Мы ободрали «Ра» как липку, сняли и перевезли на яхту все, что можно: мачту, капитанский мостик, любую мелочь, годную для музея «Кон-Тики», а что не годилось, то полетело в воду. Потом Норман и Сантьяго соорудили из двух маленьких весел подобие мачты, привязали к нему кусок брезента вместо паруса, и несчастный, надломленный наш кораблик растаял наконец в зыбком мареве, а «Шенандоа» взяла курс на Барбадос, до которого оставалось всего 900 километров.
Но перед этим нас еще долго фотографировали, на палубе, на фоне покидаемого «Ра»; снимков требовалась масса, затворы щелкали наперебой, и это злило, злил рулевой, который вновь и вновь дарил репортерам выигрышный ракурс. Мы уходили, разворачивались и опять спешили, словно дразнились, туда, где крошечный брезентовый «парус» сиротливо силился сдвинуть нам вдогонку израненное, отяжелевшее тело, где корабль прощался и не просил оправданий, а пел, как и прежде, свою заунывную скрипучую песню, песню о пятидесяти трех днях борьбы и дружбы, радостей и разочарований, торжества и страха, а может быть, и о древних мореплавателях, которые были отважнее нас и шли до конца.
Что до «Шенандоа», то она приветливо распахнула для нас двери ванных комнат и пивные утробы холодильников, но мы не могли с ней дружить. Между нами стояла тень «Ра», и от этого яхта злилась, шлепала по волнам сталью корпуса, била нас углами столов и диванов. «Ра» был другой, он был нежен, певуч, податлив, согревал нас ночью и давал тень в полуденный зной, доверчиво нес нас к победе…

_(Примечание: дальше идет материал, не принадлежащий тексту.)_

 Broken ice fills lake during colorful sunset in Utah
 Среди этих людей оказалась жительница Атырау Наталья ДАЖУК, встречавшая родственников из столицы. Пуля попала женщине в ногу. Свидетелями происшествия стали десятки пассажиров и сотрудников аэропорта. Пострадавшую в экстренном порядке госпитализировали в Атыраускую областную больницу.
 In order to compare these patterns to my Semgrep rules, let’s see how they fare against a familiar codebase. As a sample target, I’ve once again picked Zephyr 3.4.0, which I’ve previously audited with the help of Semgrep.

Неделей раньше, восьмого июля, в день, когда волны уже заливали нас напрочь, когда под мостиком плескалось море, когда принялись выбрасывать даже деревянные кусочки и обрезки, которыми так дорожил Тур, и съестные припасы тоже, – в тот день Тур говорил:
– Предвижу, о чем нас будут спрашивать, и готов ответить. Он будто репетировал беседу с вероятным оппонентом, и глаза его блестели:
– «Ра» – океанское судно?
– Да, оно прошло в открытом океане две тысячи семьсот миль.
– Могли ли древние идти таким маршрутом?
– Да, и успешнее: их папирусные суда были построены лучше нашего, а потом, в отличие от нас, они ходили всегда по ветру. Это дольше, но проще и сохраняет корабль.

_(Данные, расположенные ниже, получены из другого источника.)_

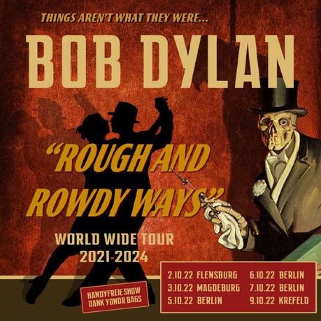 Bei allen BOB DYLAN-Auftritten ist zu beachten, dass es sich um sogenannte „Handyfreie Shows“ handelt, was bedeutet: die Benutzung von Mobiltelefonen ist untersagt. Handys müssen beim Einlass in abschließbare Taschen verstaut werden.
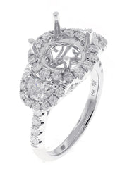 18kt white gold micro prong set round brilliant diamond round shape halo semi mount with prong set half moon on sides.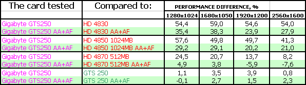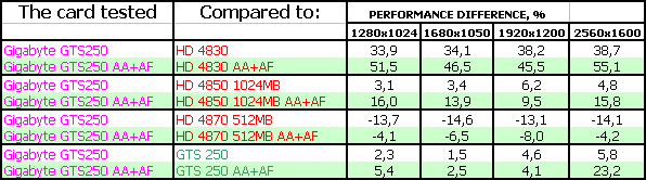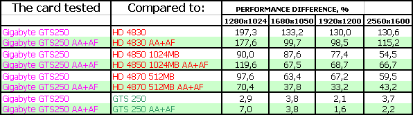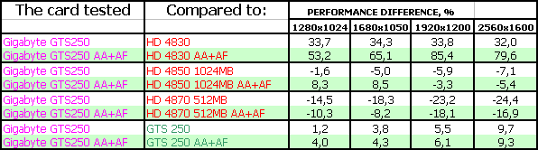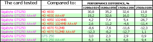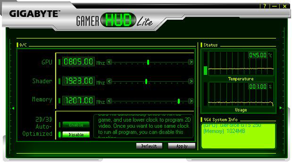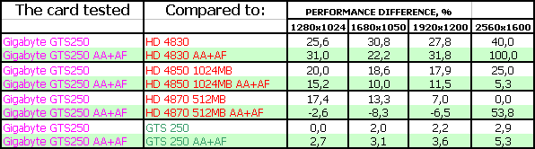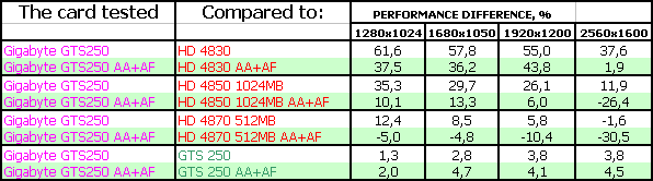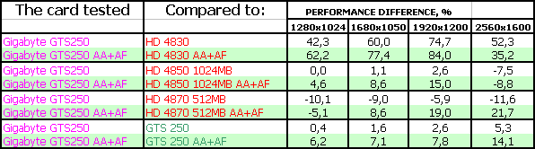 Особо стоит отметить то, что GTX 275 от Gigabyte ничем не отличается по частотам от референс-продукта, потому не нужды делать снова сравнительный анализ по этой карте. Все детали есть в этом материале.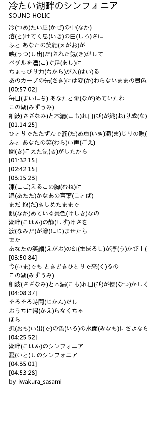 | [04:26.11] | 湖畔(こはん)のシンフォニア 愛(いと)しのシンフォニア |

– Удалось ли сотрудничество семи наций на борту «Ра»?
– Да, интернациональный экипаж вполне доказал свою жизнеспособность.

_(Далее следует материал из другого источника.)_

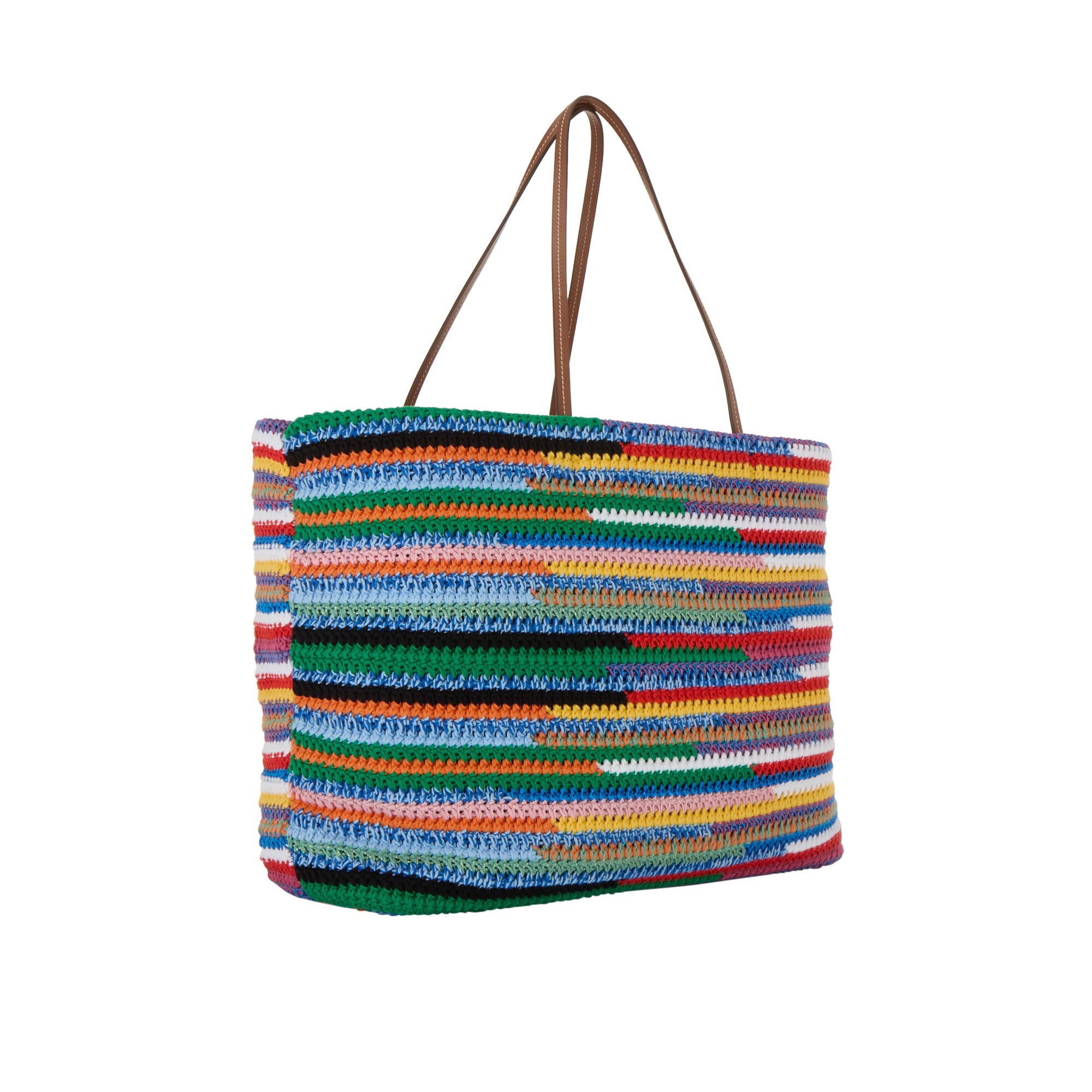 - Tote silhouette, crochet exterior, logo detail, two shoulder straps, spacious interior, internal zip pocket

Три вопроса, и на все три ответ начинается с «да». Экспедиция задачу выполнила. «Шенандоа» не в счет, как бы ни были мы ей по-человечески благодарны.
Кстати, уже с Барбадоса самолеты несколько раз летали в район, где остался «Ра», пытались найти его, но безрезультатно. Там в те дни прошел ураган, так что, возможно, кораблик был просто развеян по стебельку, – нет, вовремя мы оставили «Ра»! Мы поступили правильно, благоразумно, не в чем нам себя упрекнуть, нас поздравляли и чествовали, и все-таки…
И все-таки сегодня, спустя год, мы опять в океане. И опять в контракте, подписанном каждым из нас, сказано: «…рискую и сознаю, что иду на риск».
А получилось так. В Египте, куда мы прибыли по официальному приглашению (это была целая череда визитов – экипаж «Ра» посетил ОАР, гостил в Советском Союзе, ездил в Норвегию, в Италию), – в Каире, после очередного торжественного обеда, Тур вдруг заявил, что хотел бы отобедать еще раз.
Мы собрались в отеле, сугубо своей компанией, и Тур завел речь издалека.
Он сетовал, что фильм, снятый на «Ра», не совсем удачен, не хватает кадров с океаном и кораблем, – а как было снимать такие кадры, если на «Ра» отсутствовала надувная лодка? И еще кое-чего на нем не имелось, а то, что имелось, действовало не всегда безотказно, рулевые весла, к примеру, – только теперь вполне ясно, как их делать и из чего. Что ж, путешествие было как бы черновое, мы испытывали судно и самих себя, и, разумеется, испытания прошли прекрасно, но ведь это лишь испытания…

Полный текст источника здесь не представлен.